Consumers can also help in the process of making electricity cheaper, by recognizing that electricity is a commodity with a price that must be paid. Refusal to pay the electricity bills, theft of electricity, destruction of electricity supply equipment, etc. all adversely contribute to increased cost of electricity.
“Why do the DisCos reject load?”
DisCos are commercial entities that seek to operate in a viable and sustainable manner. In other words, in addition to a tariff that is not cost reflective, DisCos should not engage in a practice that will worsen the liquidity challenge that currently exists. Thus, if the Transmission Company of Nigeria (TCN) is unable to deliver the energy load in an area where it should deliver it, because it suits or meets its need to stabilize the grid, and that load is going to increase the DisCo’s debt profile, the result is that the DisCo will reject that load.
Secondly, if TCN is constrained by its transmission interface and is not able to deliver the load in a certain part of the country and for grid stablilzation purposes, wheels the energy to some other location, this is load dumping and not load rejection. This is the case of the DisCos in the North, that never receive their MYTO allocated loads. Additionally, tracking of energy flow is GSM driven rather than automated, with a SCADA system. As such, TCN has a limited ability to track energy movement in real time, raising the issue of veracity as to the determination of load rejection or not?
There is also a question of what time frame is being tracked, relative to the conclusion of load rejection? Supply of power more than the DisCos’ requirement, in a non-peak period, may not be labeled load rejection.
“Are the DisCos constrained in their ability to take on more power?”

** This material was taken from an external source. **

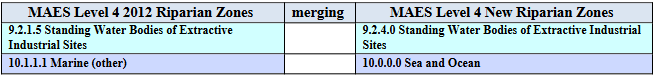 After the 2012 Riparian Zones mapping some Level 4 classes were merged. This was the applicable change matrix (currently outdated):
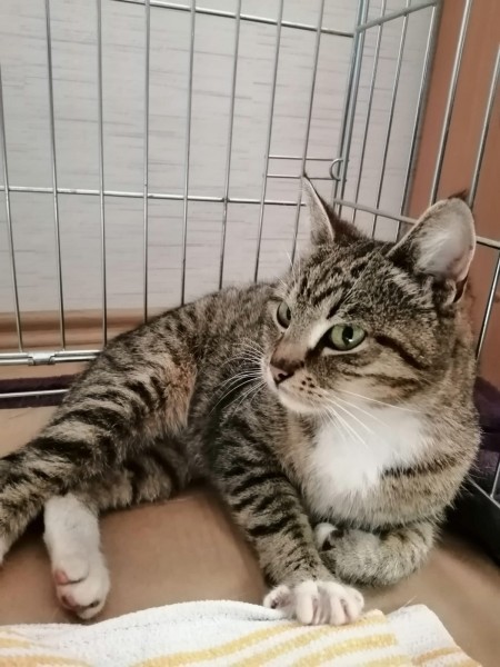 W 2019 roku dostrzegliśmy kotkę uciekającą przed innymi kotami. Była przez nie bita. Przez te dwa lata kotka była dokarmiana. Dopiero teraz udało się ją złapać. Jest malutka, bardzo płochliwa, nadal wystraszona. Obecnie po operacji, sterylizacji. Jest czysta, odrobaczona, odpchlona, korzysta z kuwety.

In 2015, a stress test conducted by TCN concluded that the DisCos have a capacity utilization of 6,288 MW versus the 4,500 MW that is currently being stated. TCN has an available tested capacity of 5,500 MW. To date, the highest energy that has been wheeled out is 4,577* MW, thus, indicating that the DisCos currently have the capacity to take that level of energy and a level that exceeds TCN’s current available capacity.